Scott Joplin, Ragtime composer and pianist, is born in Northeast Texas.


Near the turn of the 20th century when Joplin publishes his seminal ragtime tune "Maple Leaf Rag," the genre is already sweeping the nation with its ragged rhythms and offbeat melodies, often banged out on barroom pianos. But Joplin, who cultivates his style as a traveling musician throughout the Midwest, seeks to elevate ragtime as a classical style. Shortly after issuing his first rag, "Original Rags," in 1899, Joplin presents "Maple Leaf Rag" to Missouri publisher John Stark, who offers the composer a contract with a one-cent royalty for each copy sold. Although lofty claims are made about the rag's sales - supposedly it's the first instrumental to sell a million copies - Joplin's biographer Edward Berlin asserts the initial run of 400 takes a year to sell and maybe hits half a million by 1909. Nevertheless, the tune becomes the archetypal rag that every pianist tries to play and every ragtime composer tries to recreate. Hailed as the King of Ragtime, Joplin continues to release famous rags like "The Entertainer," "March Majestic" and the concert waltz "Bethena," but the composer's focus shifts to opera.

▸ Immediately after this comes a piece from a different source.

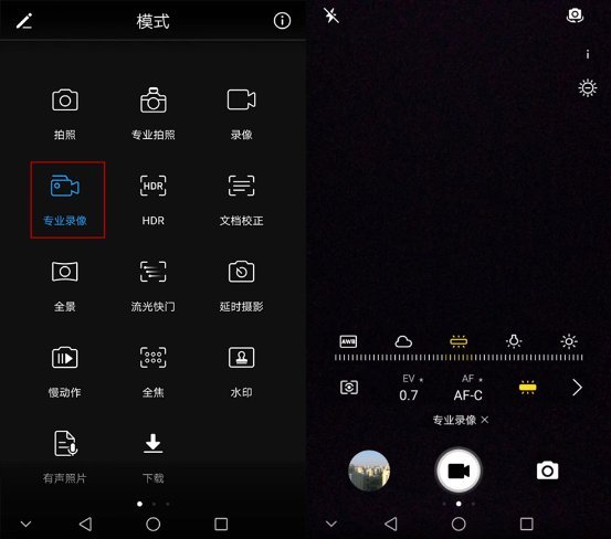 除了在拍摄照片时选择专业模式,您还可以在录制时使用专业模式进行录制。

After a disappointing first turn with the doomed A Guest of Honor, which closes after the theft of its box office receipts, Joplin becomes obsessed with his next opera, Treemonisha. Unfortunately, Joplin never gets to see a full staging of the show; he dies of syphilitic dementia in 1917 at age 48. As ragtime falls out of favor, so does Joplin. By the 1970s, only ragtime enthusiasts remember the composer until a series of unrelated events thrusts the genre and its king back into the spotlight: Musicologist Joshua Rifkin releases an album of Joplin's rags, which becomes a surprise best-seller; the renowned New England Conservatory of Music presents a Joplin-themed concert; Georgia's Morehouse College gives Treemonisha its first full staging; and the Paul Newman/Robert Redford film The Sting (1973) borrows "The Entertainer" as its theme and spawns a #1 hit soundtrack with Marvin Hamlisch's adaptations of Joplin's rags. The posthumous fame wouldn't be a surprise to the late composer, who often claimed he wouldn't get his due until his death. In 1976 - nearly 60 years after his passing - Joplin is awarded with a Pulitzer Prize for his contributions to American music.